What follows is a listing to transcribe exactly, leaving the pictures out.

......

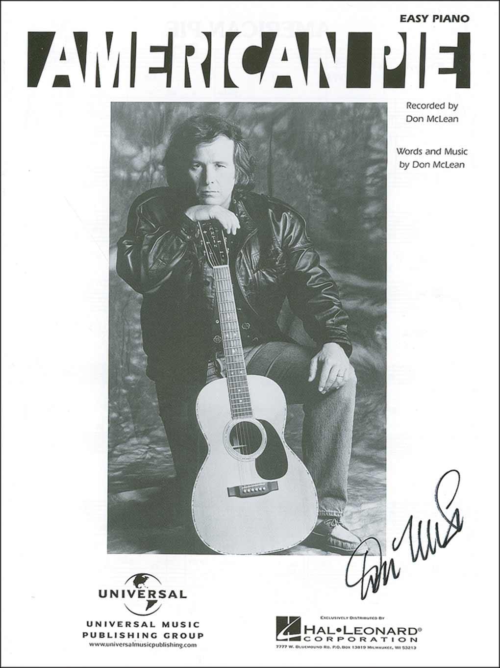 Piano sheet music for “American Pie,” 9 x 12, 11 pages, signed on the front cover in black felt tip. In very fine condition.
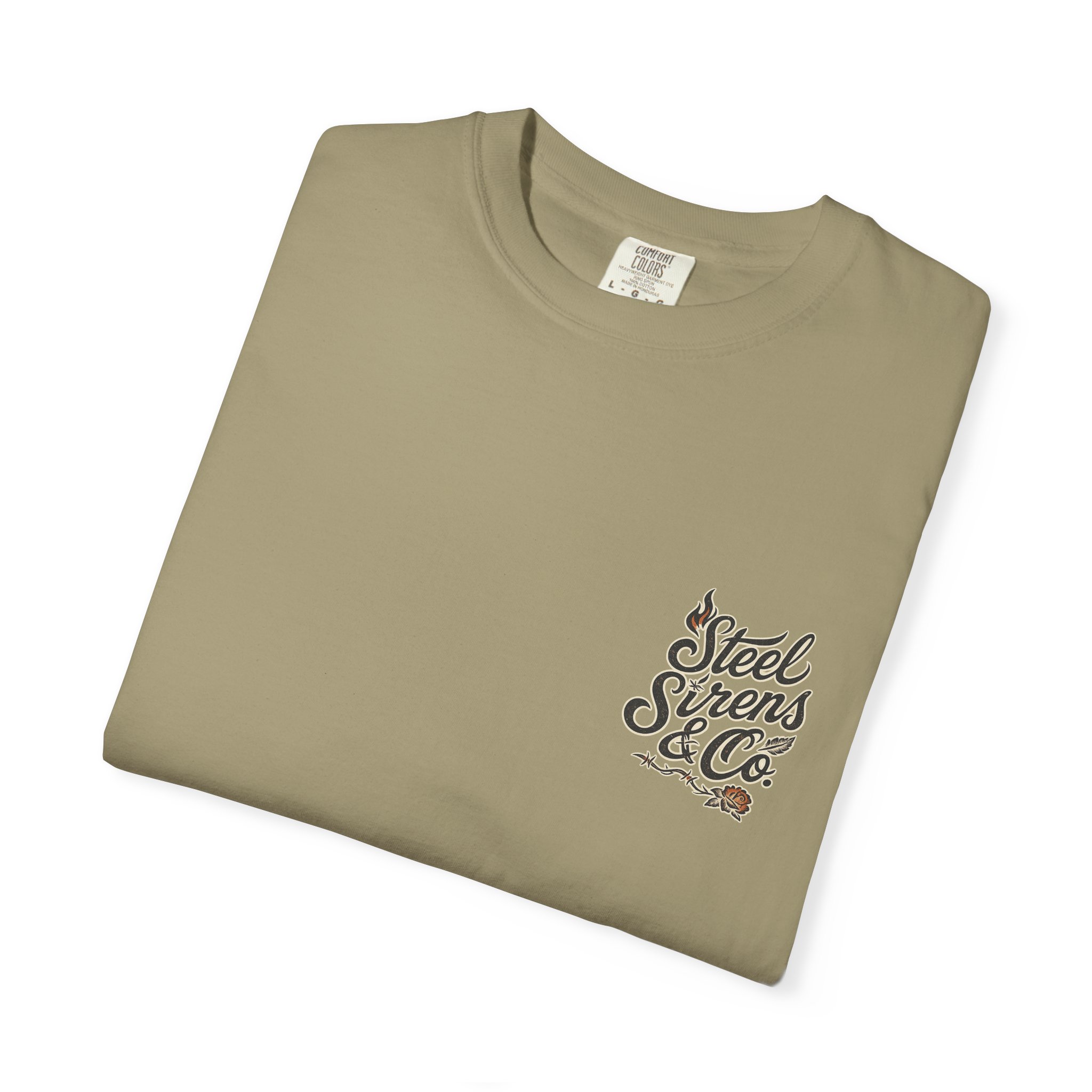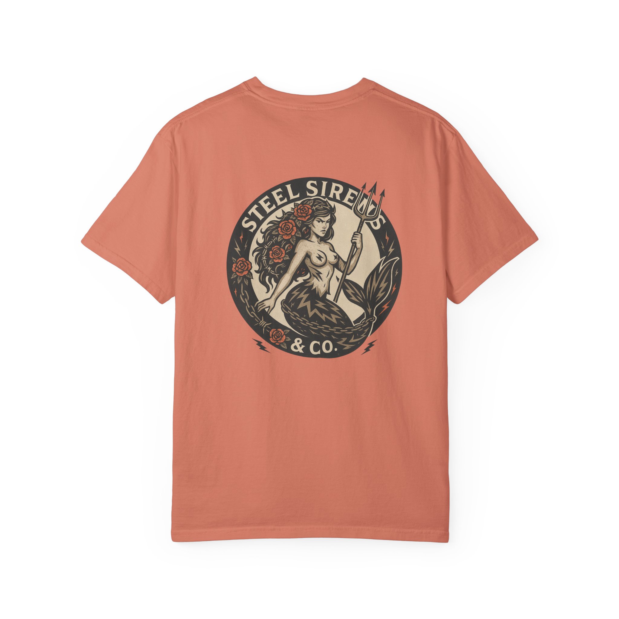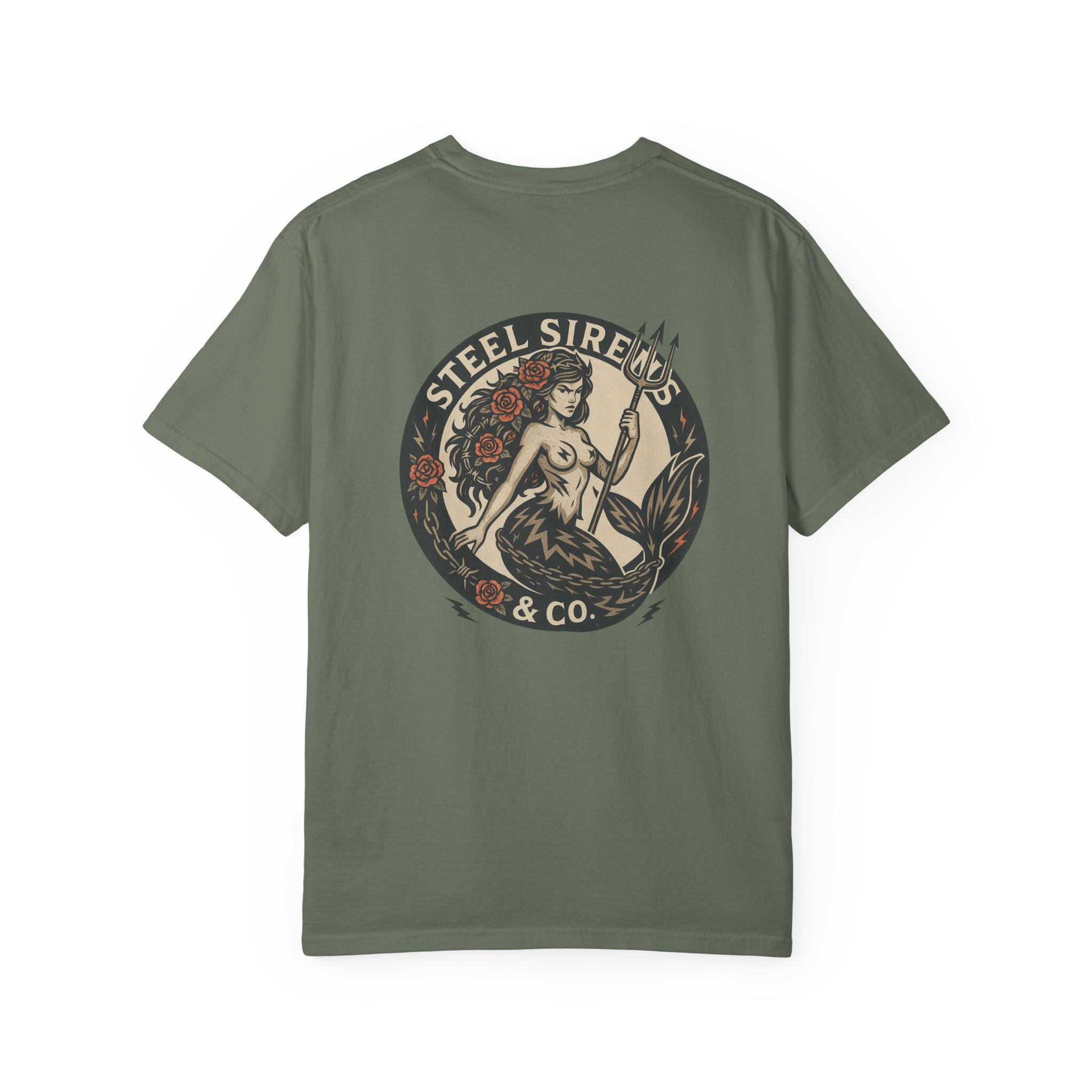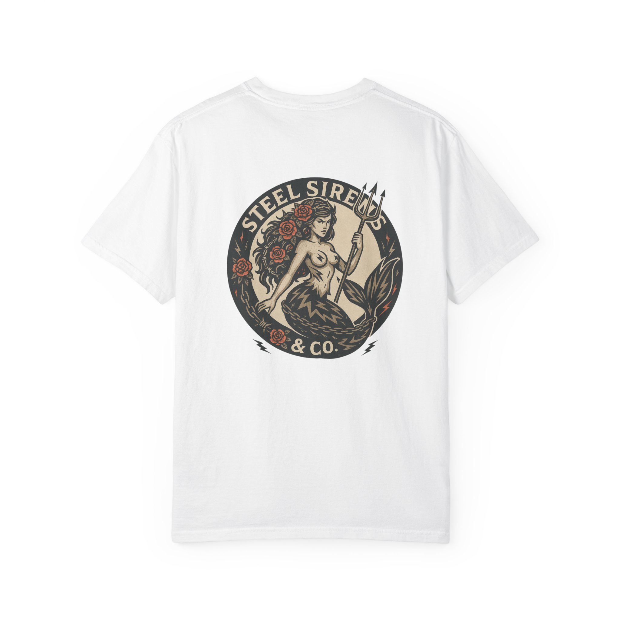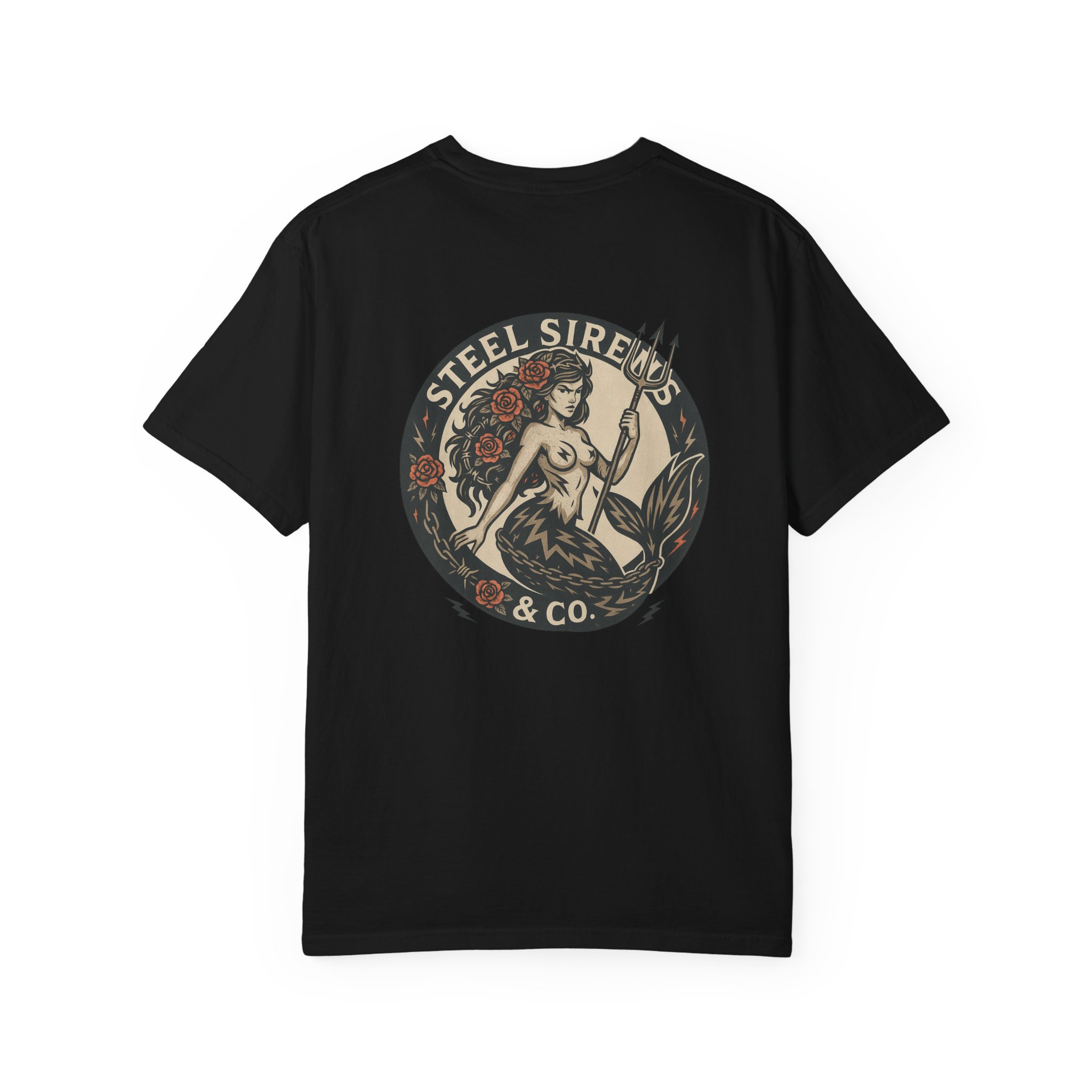 The Siren Sovereign Comfort Colors Tee captures the fierce allure of the Steel Sirens. Featuring a powerful back graphic of a tattoo-style mermaid wielding a trident, surrounded by roses, lightning, and bold colors, this shirt embodies danger, beauty, and rebellion.
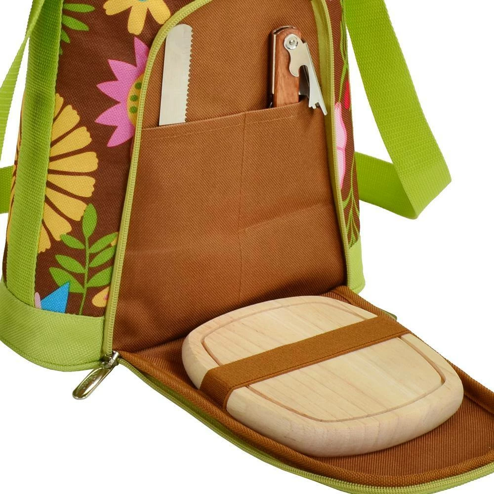 - Includes a hardwood cutting board with juice groove, stainless steel cheese knife and corkscrew in front pocket – adjustable should strap
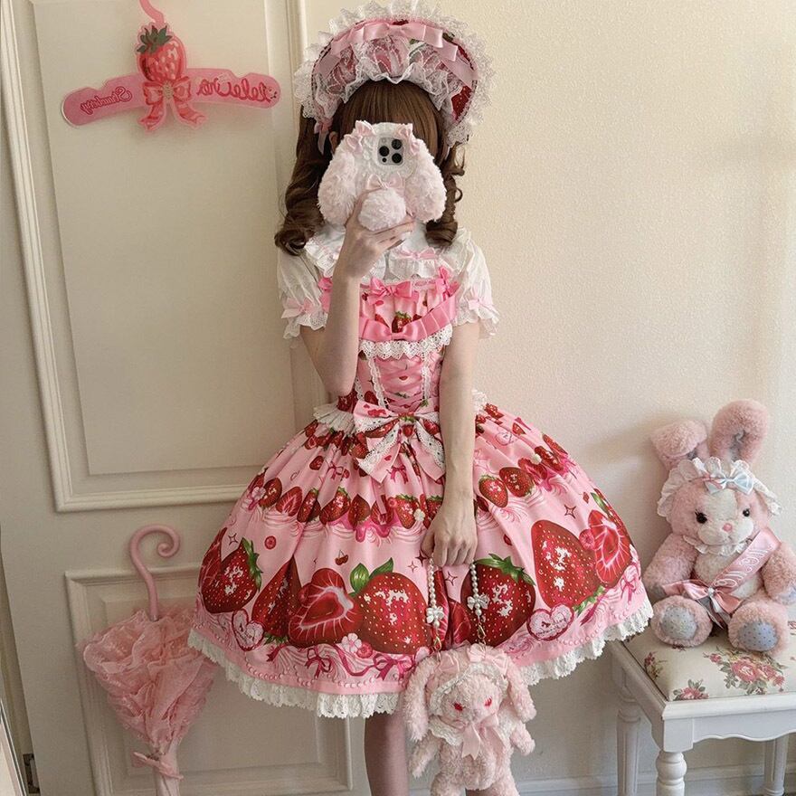 甘ロリファッションの王道であるいちご柄は、何度でも着たくなる魅力があります。
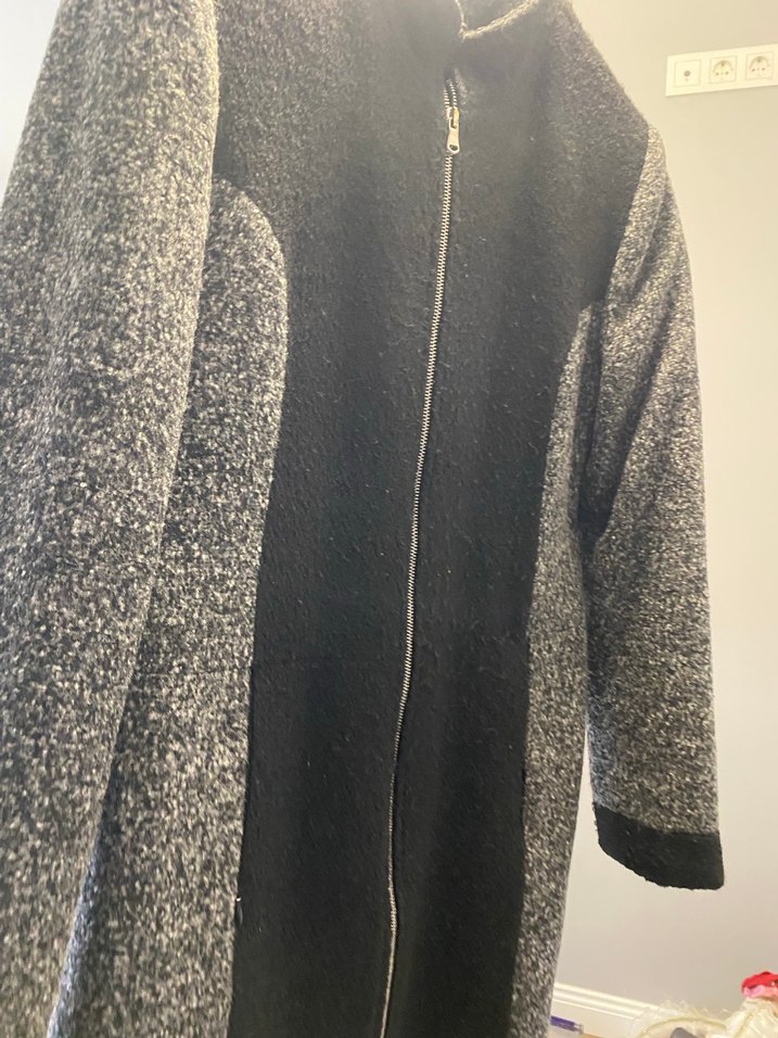 Yün kumaştan yapılmış, uzun kesimli ve fermuarlı gri kabanı. Uzun kollu, kesimi oturan ve ofis kullanımı için uygun, rahat ve şık bir model.
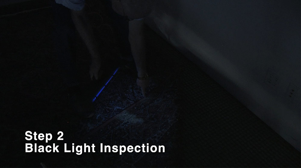 We look for unwanted pet urine or other stains that might not be visible to the naked eye. The use of black light, or UV light, can help identify:

......

→ **EXERCISE RESPONSE**:
 Piano sheet music for “American Pie,” 9 x 12, 11 pages, signed on the front cover in black felt tip. In very fine condition.
 The Siren Sovereign Comfort Colors Tee captures the fierce allure of the Steel Sirens. Featuring a powerful back graphic of a tattoo-style mermaid wielding a trident, surrounded by roses, lightning, and bold colors, this shirt embodies danger, beauty, and rebellion.
 - Includes a hardwood cutting board with juice groove, stainless steel cheese knife and corkscrew in front pocket – adjustable should strap
 甘ロリファッションの王道であるいちご柄は、何度でも着たくなる魅力があります。
 Yün kumaştan yapılmış, uzun kesimli ve fermuarlı gri kabanı. Uzun kollu, kesimi oturan ve ofis kullanımı için uygun, rahat ve şık bir model.
 We look for unwanted pet urine or other stains that might not be visible to the naked eye. The use of black light, or UV light, can help identify:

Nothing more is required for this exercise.